Three filtering layers narrow OpenAlex's ~507 million records to the ~188 million works in the Keenious index

Layer 1: Document Types

OpenAlex catalogs many record types beyond publications. Five document types are kept:

  • Journal articles and conference papers (OpenAlex type article) β€” full-length research articles published in journals or conference proceedings.

  • Review articles (review) β€” literature reviews, systematic reviews, and meta-analyses.

  • Preprints (preprint) β€” from curated preprint servers such as arXiv, bioRxiv, and SSRN.

  • Books and monographs (book) β€” complete books indexed as a single record. Individual chapters are not indexed as standalone works.

  • Doctoral dissertations (dissertation) β€” OpenAlex's dissertation type covers doctoral work only; master's and bachelor's theses are classified by OpenAlex as other and are not in the index.
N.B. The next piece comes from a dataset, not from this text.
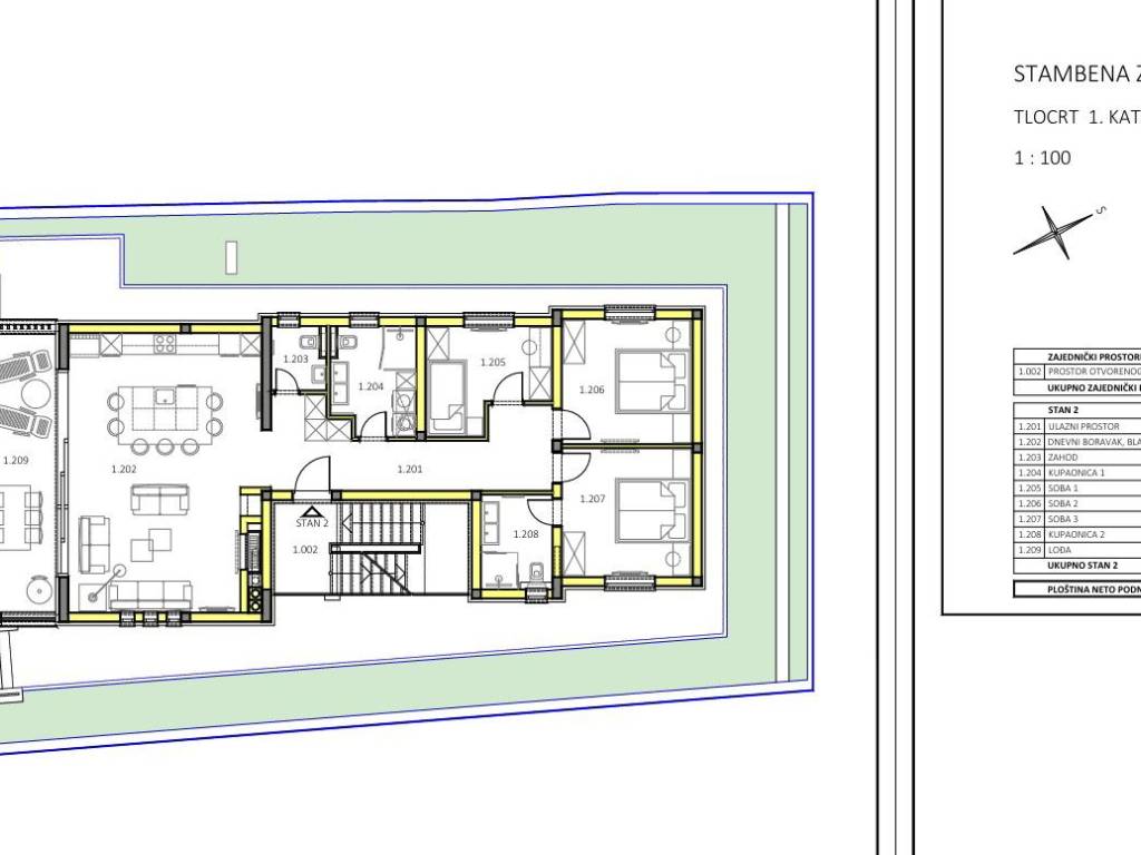1st floor - Apartment on the first floor of the building with a total net usable area of ​​124.00 m2 (net usable area with 2 parking spaces) and consists of an entrance hall, kitchen, dining room, spacious living room (40.42 m2) with access to a covered loggia of 16.77 m2, as well as 3 bedrooms, 2 bathrooms, and 1 separate toilet. Price: 806,000.00 EUR-

Everything else β€” book chapters, datasets, editorials, letters, errata, reports, grants, peer-review records, paratext β€” is removed at this layer, narrowing ~507 million records to ~301 million.

Layer 2: Source Review

Not all of the remaining works come from academic venues. OpenAlex indexes more than 280,000 distinct sources β€” journals, conference series, repositories, archives β€” and many serve purposes other than publishing research. Every source is reviewed by examining a sample of the works it contains: what it actually publishes, not its name, reputation, or country. A small regional journal publishing original research is treated the same as a large international one.
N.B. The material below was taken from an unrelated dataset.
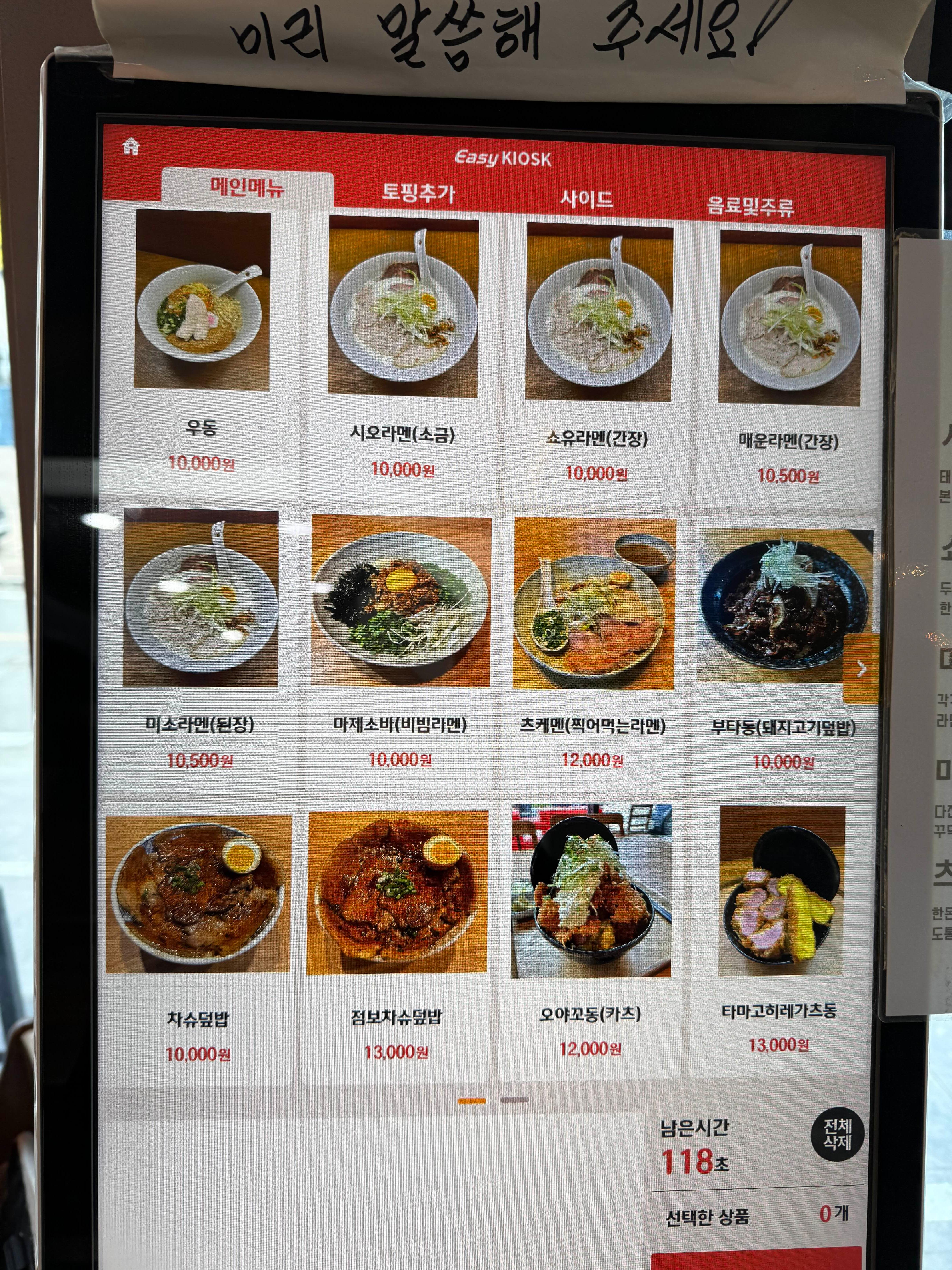 메뉴는 키오스크로 주문하면 된다.

Sources are not simply approved or rejected β€” they are classified along a quality spectrum, and only sources that fall outside the scholarly record are removed entirely. Two facts shape the review:

  • Metadata gaps are not quality problems. OpenAlex coverage is uneven: Japanese, Korean, Chinese, Russian, Arabic, Indonesian, and many other non-English sources often lack abstracts and DOIs because of data-pipeline differences. Sources are evaluated on the substance of what they publish, not on metadata completeness.

  • Repositories face a higher bar than journals. A repository that only catalogues publication titles imported from CV systems β€” no abstracts, no full text β€” adds nothing searchable and can be removed even when the underlying authors are legitimate. Repositories hosting actual research content, such as theses, preprints, and working papers with abstracts, are kept.
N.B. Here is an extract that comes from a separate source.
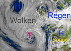 Klassischer Wolkenwirbel über dem Atlantik

Roughly 46,000 sources are removed, in several broad categories:

  • Digitized archives β€” scanned historical materials valuable for preservation but not academic literature: yearbooks, photographs, newspaper archives.

  • Open upload platforms β€” repositories where anyone can deposit content without editorial oversight, producing a mix of legitimate work and unvetted content. This does not apply to curated preprint servers or institutional repositories.

  • News and trade publications β€” magazines, newsletters, and trade journals that serve practitioners but do not publish original research.

  • Meeting-abstract collections β€” paragraph-length conference summaries. Short conference papers are included; bare abstract collections are not.

  • Document mills β€” pay-to-publish outlets that accept submissions without meaningful peer review, identifiable by negligible citation rates and inconsistent topical scope.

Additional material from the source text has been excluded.